The book is particularly good at providing an alternative perspective on how Hong Kong’s government actually works. To anyone who has spent time in Hong Kong, the idea that it has the world’s freest economy (as the Heritage Foundation perennially tells us) is just patently, obviously untrue. But even so I was fairly shocked to discover that the government has for decades been actively trying to get rid of the small-scale retail entrepreneurs known as street hawkers:

For years, activity in the streets of Hong Kong was only loosely regulated, but by the 1970s, the government decided it was time to assert more control. The theory at the time was that, as cities transitioned from “third world” to “first world,” such informal uses of urban space would dwindle as the economy developed and people became wealthier. One day, the reasoning went, there would no longer be any need for hawkers, dai pai dong, squatter villages or anything of the sort.

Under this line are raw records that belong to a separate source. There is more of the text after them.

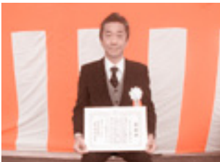
海部東部防火危険物安全協会様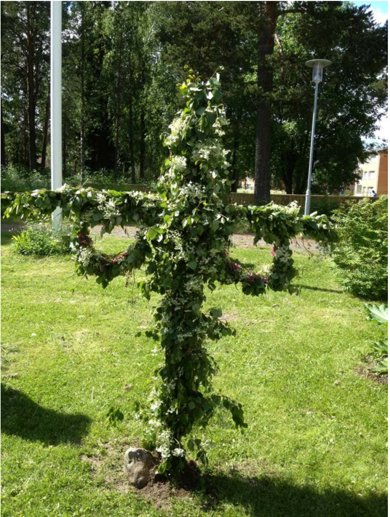
Titta så fin midsommarstång våra sommar flickor och pojkar gjorde till midsommar.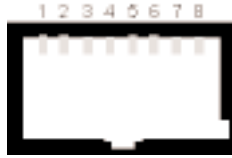
Figure 4-1. LMX Sub-Channel Connector.

Use the tables below for proper connection from sub-channels to the DTE equipment.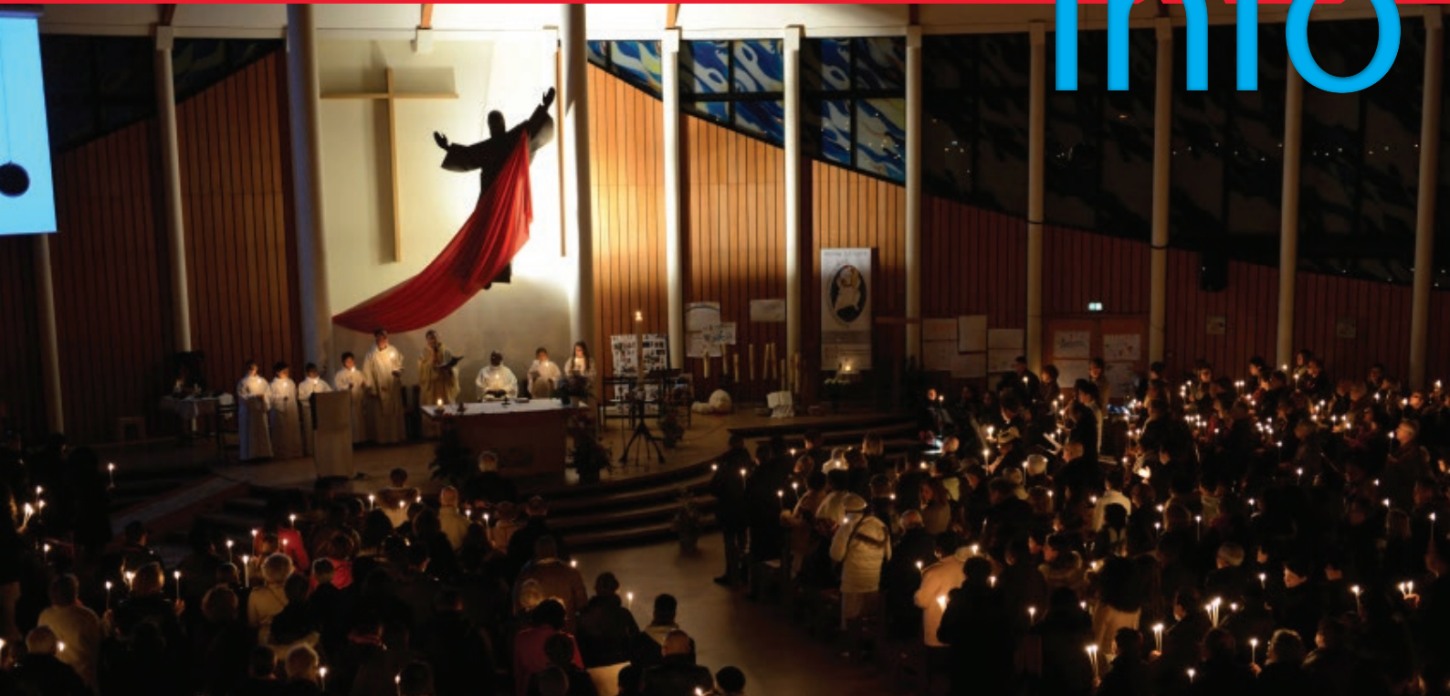
Vigile pascale à Notre-Dame du Val 2016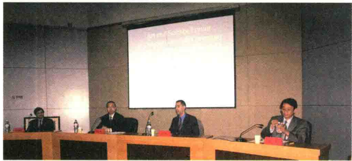
2004年11月1日，参加山东工艺美术学院“艺术与科学论坛”。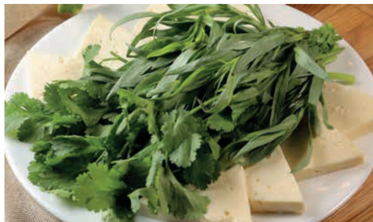
СЫР ОСЕТИНСКИЙ С ЗЕЛЕНЬЮ ■ 200/60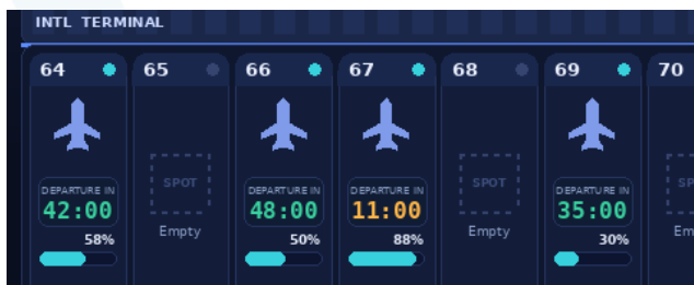
▲国際線全8スポットの状況可視化画面 (イメージ)

運航スケジュールの乱れが生じやすい冬季等において、多様な航空会社が乗り入れる国際線で本システムの導入効果を期待しており、当社では今後も最新のAI技術を活用し、空港運用の効率化と需要が増大する国際線の受入体制の強化に取り組んでまいります。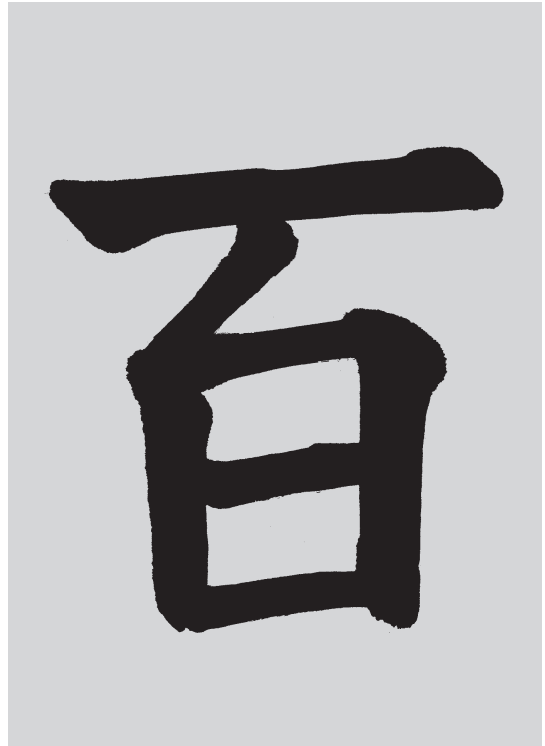
小学二年 高橋香樹会長書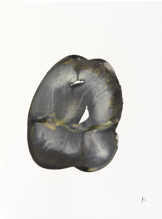
300 g-ko papera / papel 300 gr. – 30 x 42 cm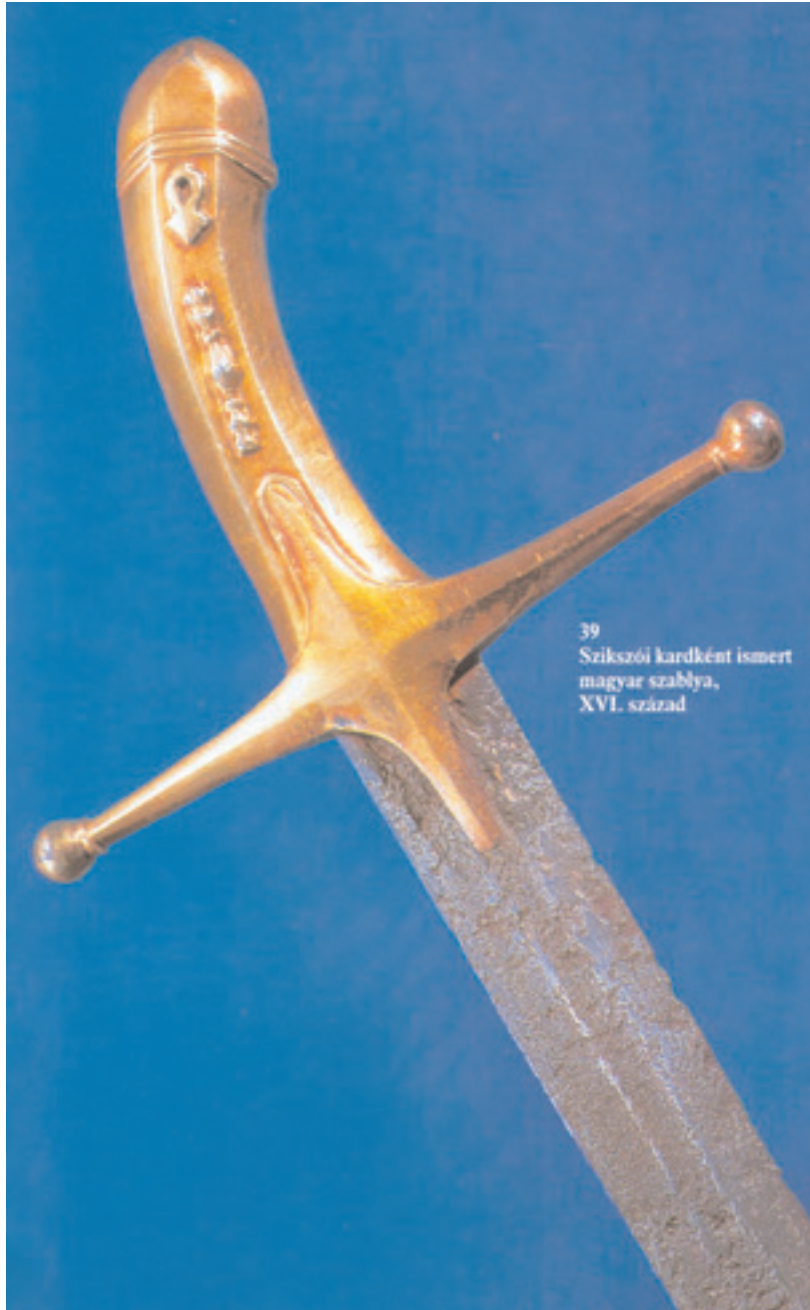
39 Szikszói kardként ismert magyar szablya, XVI. század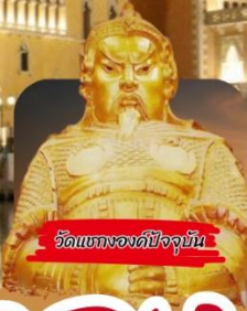
วัดแบกองค์ปัจจุบัน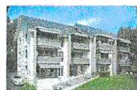
Le Relais du Bas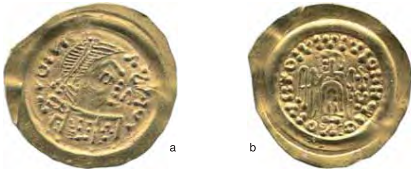
Fig. 16 a-b – Tremisse con marinusmon (diam. mm. 18,5; Gab. num. Milano; M.0.9.4377-22-D).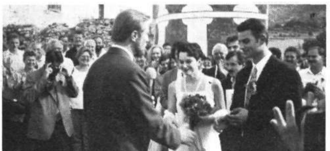
Mladoporočencema ki sta se v soboto poročila v nekdanji samostanski cerkvi, je SKD čestitala in podarila zibko z željo, da bo večkrat polna.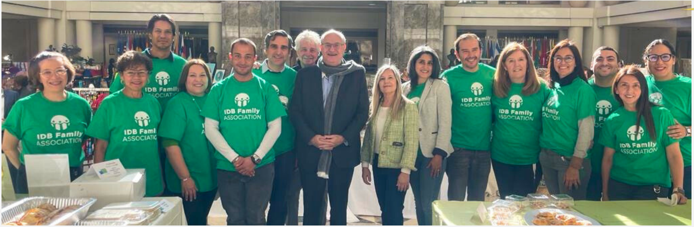
Junto al presidente del IDB Ilan Goldfjan, algunos de l@s voluntari@s que hicieron realidad el Bazaar 2023. Esta foto captura el espíritu de compromiso. ¡Muchas gracias!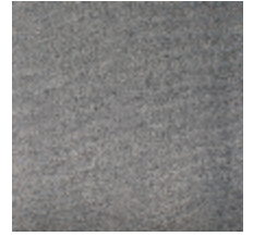
0324-39 NABAB - CHARTREUX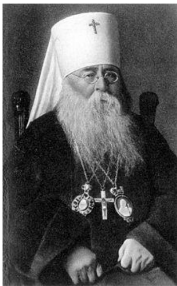
سرگیوس سراسقف مسکو

ارتدوکس به آرمانهای بلشویکها و کمونیستها وفادار است!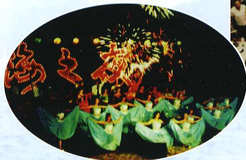
“海之夜”大型歌舞《兰色的爱》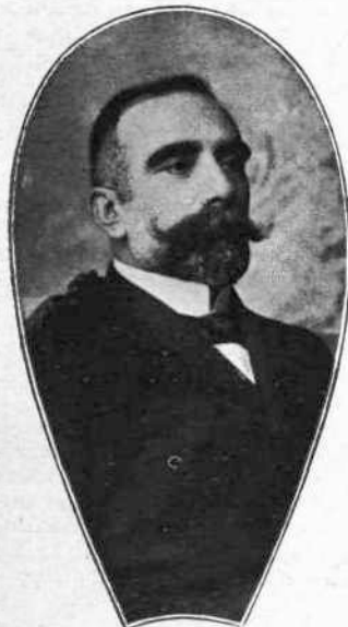
ΧΑΡ. ΒΟΖΙΚΗΣ Υπουργός τῆς Δημ. Ἐκπαίδευσως.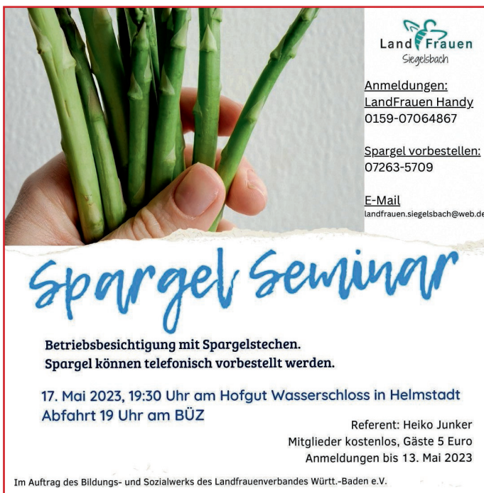
LandFrauen läuten Spargelzeit ein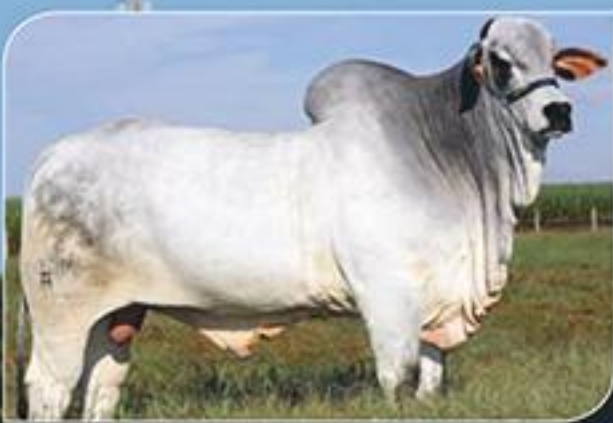
Detroit FIV Carpa Rambo da MN x Quilaia FIV da Carpa (Bitelo da SS)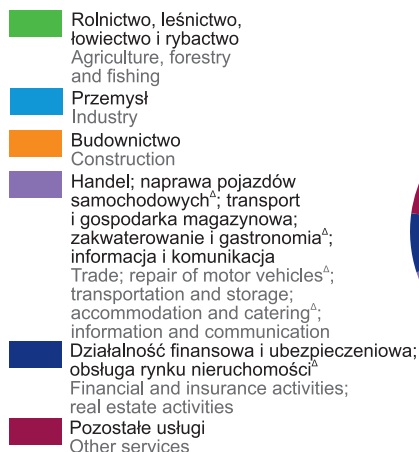
CHART 1 (84). GROSS VALUE ADDED BY KIND OF ACTIVITY (current prices)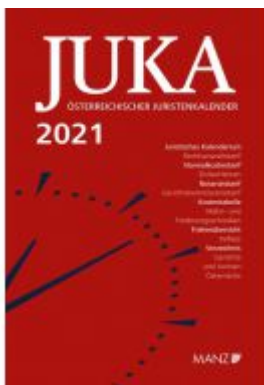
Österreichischer Juristenkalender 2021 JuKa Ladenpreis: 129,00 EUR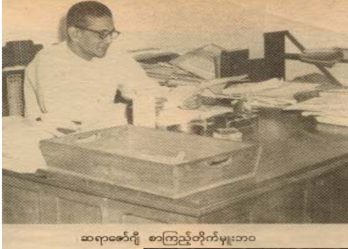
ဆရာဇော်ဂျီ စာကြည့်တိုက်မှူးဘဝ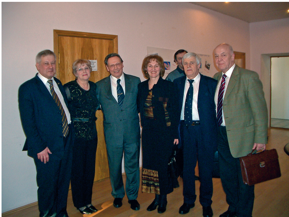
На юбилее академика Н.С. Бортникова в ИГЕМ РАН, март 2006 года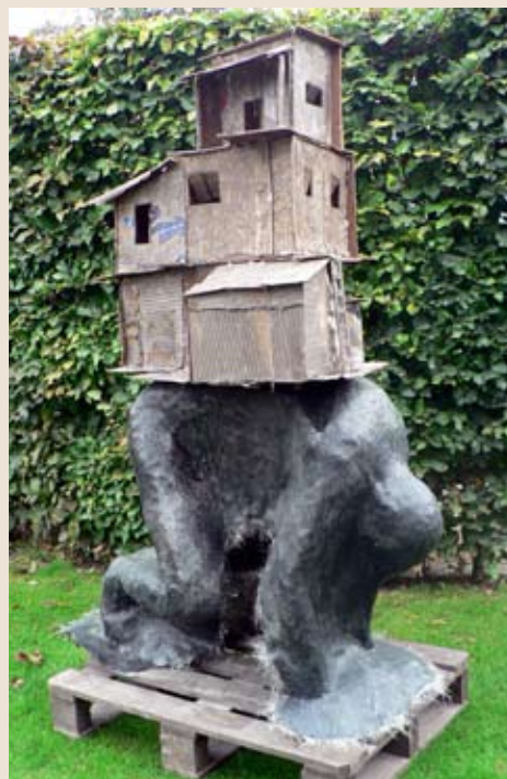
afmetingen : 1,10 x 0,60 x 1,70 m materiaal : hars en glasmat, karton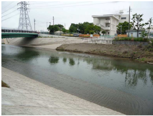
右岸出逢橋アンダーパス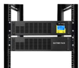
主机加一个电池包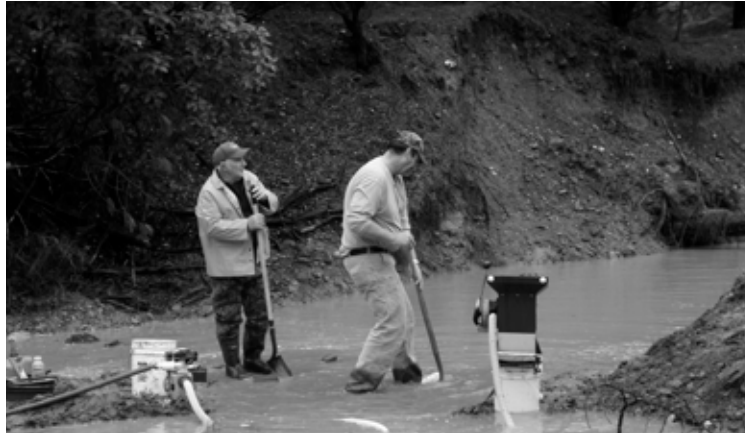
• De zogenaamde testdig in de Vennebulten verdiept zich snel.

Een huizenhandelaar met een leefkuilkantoor, aan een wijntje nippend in het etablissement, kan zijn geluk niet op. “De huuzeprieze schiet now al umhoge en ‘t zol zomaor ‘t ende van de krimp kōnnen beteikenen, in elk geval an de krimp in miene knippe, hahaha”.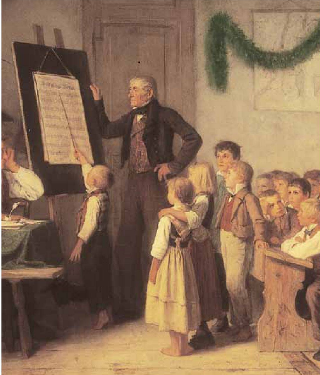
Albert Anker, Das Schulexamen , 1862, Öl auf Leinwand, 103 x 175 cm, Kat. Nr. 61 [Ausschnitt]. – Staat Bern, Kunstmuseum Bern .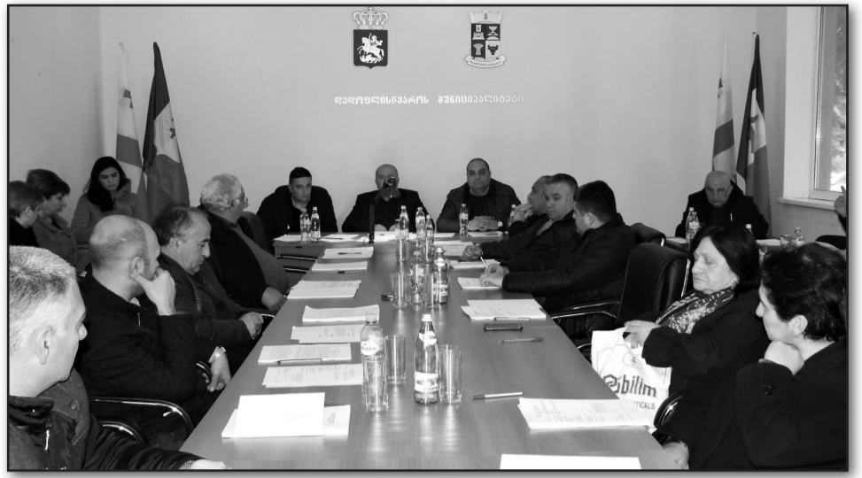
ჩვენი ბიუჯეტი, ისედაც სოციალურად ორიენტირებულია, ყოველწლიურად ვცდილობთ, გავზარდოთ სოციალური პაკეტი. თვალსაჩინოებისათვის შეგახანებთ, რომ ცოტა ხნის წინ, სოციალური პაკეტი კვლავ გაიზარდა 20 000 ლარით, ასევე დედოფლისწყაროში ლიდერია მთელი კახეთის მასშტაბით სათნოების სახლის დაფინანსების კუთხით... ზოლო წლებში მნიშვნელოვნად გაიზარდა ბავშვთა და სოციალურად დაუცველთა ჯანდაცვის ხარჯები, სოციალურ პაკეტს დამატა

მის შენიშვნას თავისი არგუმენტი დაუპირისპირა დედოფლისწყაროს მუნიციპალიტეტის მერმა და ბრალდება გააქარწყლა: „ჩვენი მუნიციპალიტეტის სპეციფიკურობიდან გამომდინარე, მინაზე ქონების გადასახადი, რომელიც ადგი-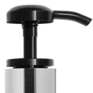
Pompe noire brillante Bague argent brillante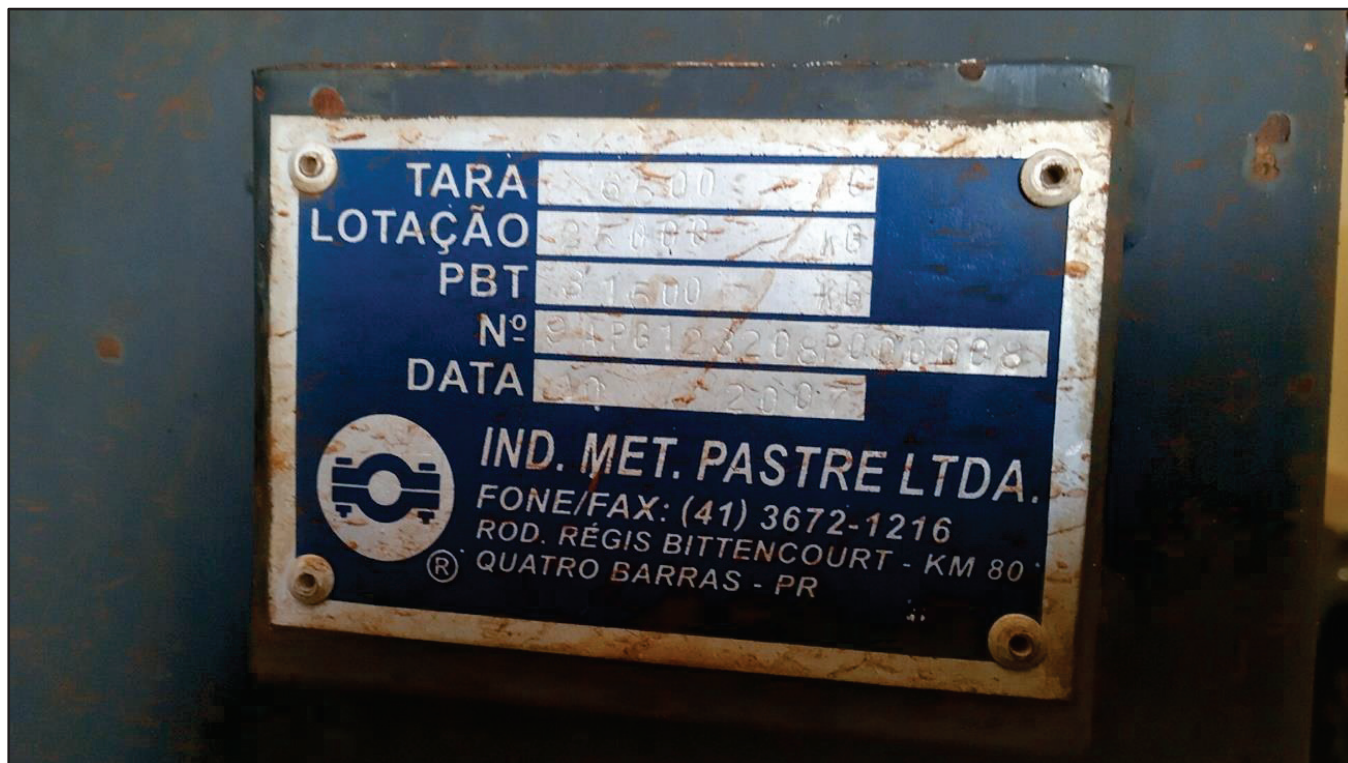
ITEM 014 - SEMI-REBOQUE GRANELEIRO PASTRE PLACA: DUT-7802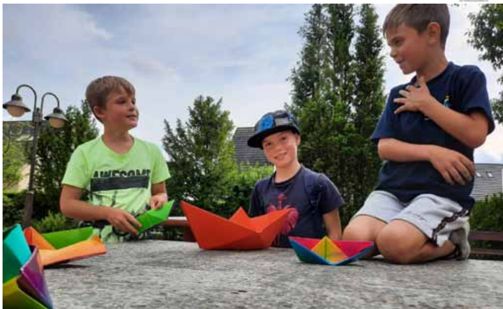
Alternatives Zeltlager - Papierschiffe bauen

In light of this argument, the Hong Kong government opted for a policy of elimination through attrition. Squatter villages were frozen in place, their residents prohibited from expanding their homes until they could be replaced with public housing estates. Street hawkers were licensed and regulated.  …

The catch was that, while hawkers were still allowed to ply their trade, their licenses were made exceptionally hard to transfer. Even today, when a licensed hawker dies, his or her license can only be transferred to a surviving spouse. The intent was to eventually eliminate all street hawker stalls, and this 1970s-era policy is now well on its way to achieving that goal. In 2015, there were just 6,133 licensed hawkers in Hong Kong; another 1,440 work illegally.

The biggest markets are thriving, including the always busy meat, seafood, fruit and vegetable stalls around Nelson Street and Canton Road, but many of the secondary markets are withering away – not for lack of business, but because the government is actively relocating stalls and buying back hawker licenses in order to clear the streets. Between 2013 and 2015, a total of 481 hawkers surrendered their licenses. …

It is hard not to notice that shrinking opportunities in this part of the economy have coincided, at least, with the general decline in entrepreneurship and social mobility:

The crackdown on informal life isn’t necessarily responsible for the persistent inequality and decline of social mobility in Hong Kong, but there’s a case to be made that it has exacerbated the situation by denying people access to affordable products and the ability to become entrepreneurs.